Wedding Photographer Cotehele — National Trust Medieval Manor, the Tamar Valley and Cotehele Quay
Cotehele is one of the least altered medieval manor houses in England — a National Trust property above the Tamar valley in Cornwall near Calstock, whose Great Hall (with its original armour and weapons displayed as in the fifteenth century), the Tudor courtyard and the terraced garden above the Tamar estuary have remained in essentially unchanged form since the house was built for the Edgcumbe family between 1485 and 1539. For Cotehele wedding photography, the house’s medieval granite fabric, the chapel with its original clock (one of the oldest in England), the medieval deer park above the valley and the romantic descent to Cotehele Quay below on the tidal Tamar provide a portrait setting of mediaeval and Victorian-industrial contrast that is entirely unlike any other National Trust property in the South West.

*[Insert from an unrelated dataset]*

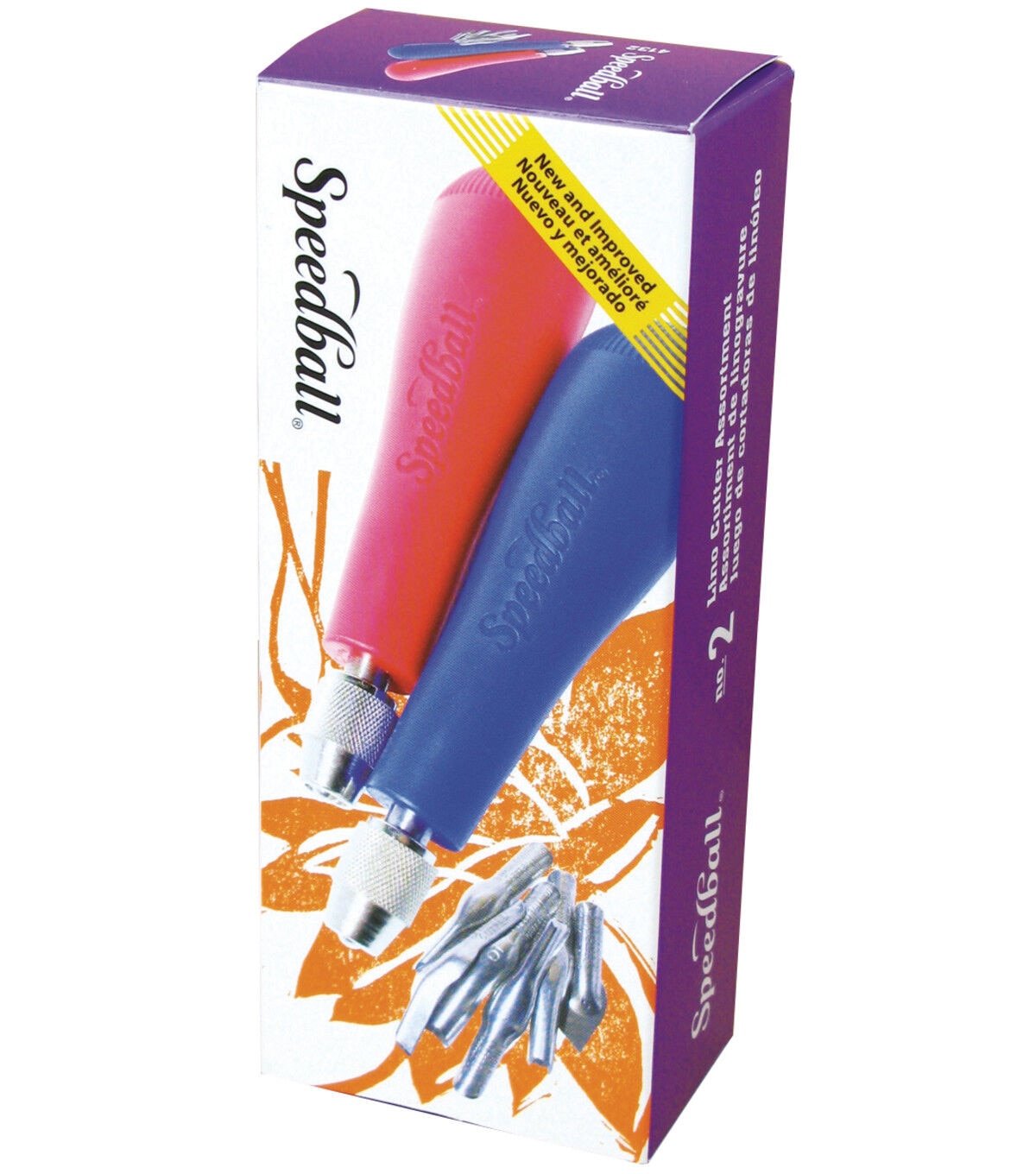 Two adjustable chuck handles, and lino cutters #1, #2, #3, #4, #5 and #6.

The Great Hall, the Tudor Courtyard and the Chapel
Cotehele’s Great Hall — the medieval hall range with its original timber roof, the armour and weapons hung as period display on the walls and the heavy Tudor furnishings throughout — provides an interior portrait setting of extreme medieval character: the low light, the strong chiaroscuro of the armour against the stone walls and the massive timber roof trusses overhead create portrait compositions of powerful historical atmosphere. The inner courtyard — enclosed by the granite hall, the solar range and the domestic service wing — provides an enclosed exterior portrait space of medieval domestic character whose granite walls and the winter jasmine growing over the south range provide seasonal textural richness. The Chapel’s fourteenth-century interior (with its original clock mechanism of 1485 — one of the earliest surviving mechanical clocks in England) provides the most historically poignant interior space on the estate.

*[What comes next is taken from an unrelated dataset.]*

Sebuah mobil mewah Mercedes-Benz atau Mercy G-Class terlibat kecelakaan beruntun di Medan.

The Cotehele Garden, the Tamar Valley and Cotehele Quay
Cotehele’s terraced garden above the valley — a sequence of planted terraces descending from the formal garden beside the house through a meadow orchard to the valley below, with a medieval stewpond, a Victorian domed dovecote and the ancient summerhouse above the Tamar viewpoint — provides a garden portrait sequence of exceptional historical and botanical interest. The descent from the estate to Cotehele Quay below traverses ancient coppice woodland of particular atmospheric quality, arriving at the Victorian quayside where the National Trust’s restored Tamar sailing barge Shamrock is moored at the restored lime kiln quay. The Tamar valley from the quay — the tidal estuary between Devon and Cornwall with its wooded sides and the Kit Hill granite summit above Callington in the background — provides one of the most beautiful river portrait settings in the South West.